Abdelnabi Rana, Boudewijns Robbert, Foo Caroline S, Seldeslachts Laura, Sanchez-Felipe Lorena, Zhang Xin, Delang Leen, Maes Piet, Kaptein Suzanne J F, Weynand Birgit, Vande Velde Greetje, Neyts Johan, Dallmeier Kai
KU Leuven Department of Microbiology, Immunology and Transplantation, Rega Institute for Medical Research, Laboratory of Virology and Chemotherapy, B-3000 Leuven, Belgium; GVN, Global Virus Network, Baltimore, MD, USA.
KU Leuven Department of Microbiology, Immunology and Transplantation, Rega Institute for Medical Research, Laboratory of Virology and Chemotherapy, B-3000 Leuven, Belgium; Molecular Vaccinology and Vaccine Discovery, Belgium; GVN, Global Virus Network, Baltimore, MD, USA.
EBioMedicine. 2021 Jun;68:103403. doi: 10.1016/j.ebiom.2021.103403. Epub 2021 May 25.
Within one year after its emergence, more than 108 million people acquired SARS-CoV-2 and almost 2·4 million succumbed to COVID-19. New SARS-CoV-2 variants of concern (VoC) are emerging all over the world, with the threat of being more readily transmitted, being more virulent, or escaping naturally acquired and vaccine-induced immunity.

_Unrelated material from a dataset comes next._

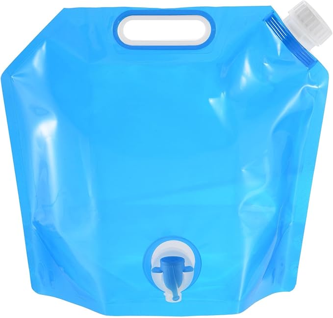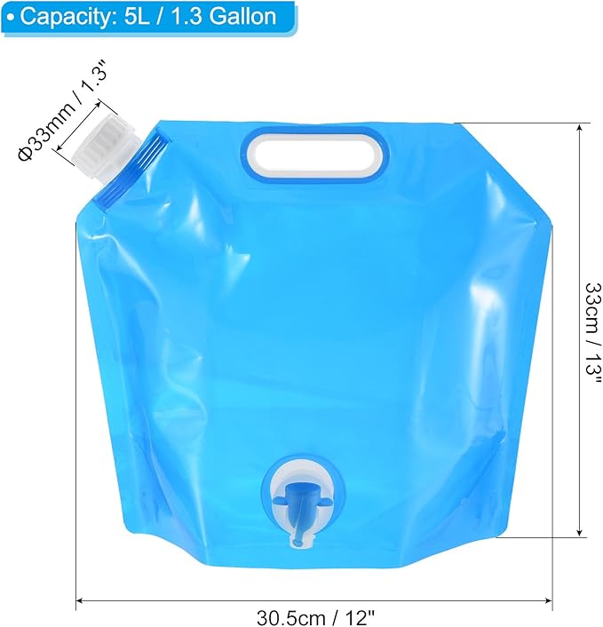 PATIKIL 1.3 Gallon Collapsible Water Container Bag with Spigot, PE Folding Water Jug Carrier for Camping, Hiking, Emergency Water Storage, Blue

At least three major prototypic VoC have been identified, i.e. the United Kingdom, UK (B.1.1.7), South African (B.1.351) and Brazilian (B.1.1.28.1) variants. These are replacing formerly dominant strains and sparking new COVID-19 epidemics.
We studied the effect of infection with prototypic VoC from both B.1.1.7 and B.1.351 variants in female Syrian golden hamsters to assess their relative infectivity and virulence in direct comparison to two basal SARS-CoV-2 strains isolated in early 2020.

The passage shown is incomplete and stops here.